# [Material for the task]
——
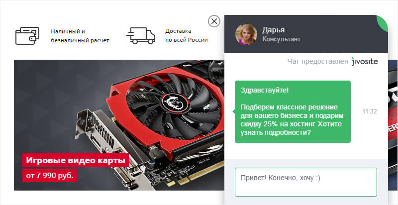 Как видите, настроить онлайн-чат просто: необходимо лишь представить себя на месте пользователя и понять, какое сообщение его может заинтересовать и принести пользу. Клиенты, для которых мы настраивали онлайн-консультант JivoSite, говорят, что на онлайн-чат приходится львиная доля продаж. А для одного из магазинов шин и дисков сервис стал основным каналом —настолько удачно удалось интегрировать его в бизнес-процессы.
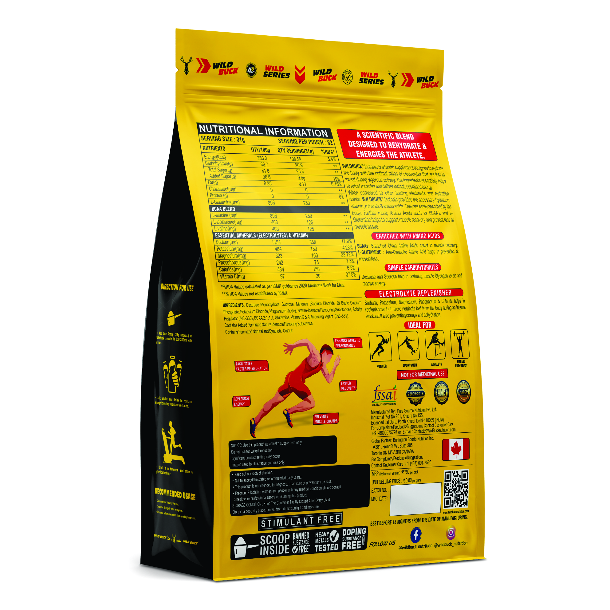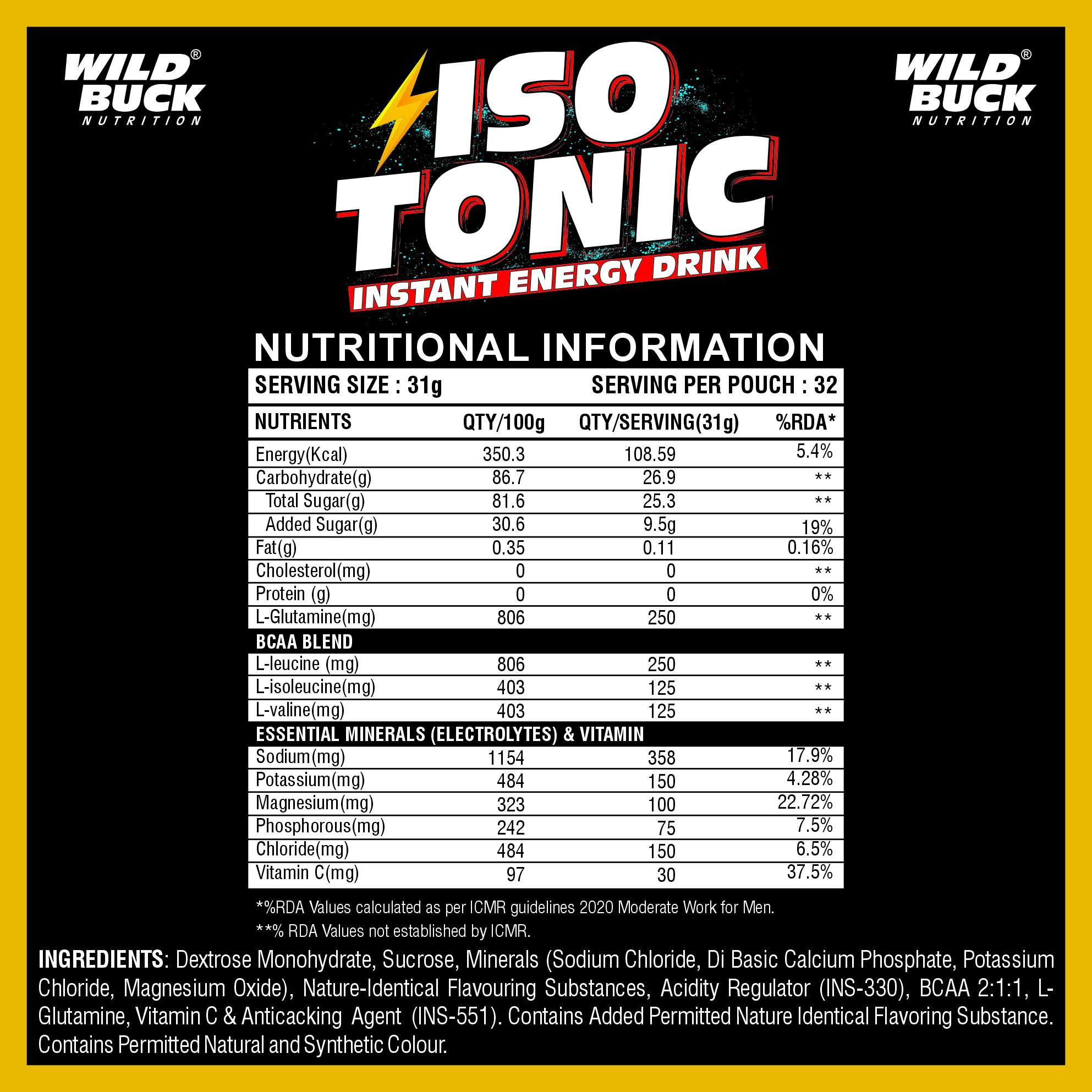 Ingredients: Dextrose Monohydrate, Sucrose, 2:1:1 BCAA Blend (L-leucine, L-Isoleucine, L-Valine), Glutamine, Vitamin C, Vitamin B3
——
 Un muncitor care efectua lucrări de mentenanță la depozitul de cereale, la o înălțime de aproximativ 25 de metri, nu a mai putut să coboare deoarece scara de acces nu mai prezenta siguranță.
——
Every line above in the stretch from the one with "Как видите, настроить" through the one with "Ingredients: Dextrose Monohydrate, Sucrose, 2:1:1" is to be transcribed exactly, ends included. No picture is copied.

 Как видите, настроить онлайн-чат просто: необходимо лишь представить себя на месте пользователя и понять, какое сообщение его может заинтересовать и принести пользу. Клиенты, для которых мы настраивали онлайн-консультант JivoSite, говорят, что на онлайн-чат приходится львиная доля продаж. А для одного из магазинов шин и дисков сервис стал основным каналом —настолько удачно удалось интегрировать его в бизнес-процессы.
 Ingredients: Dextrose Monohydrate, Sucrose, 2:1:1 BCAA Blend (L-leucine, L-Isoleucine, L-Valine), Glutamine, Vitamin C, Vitamin B3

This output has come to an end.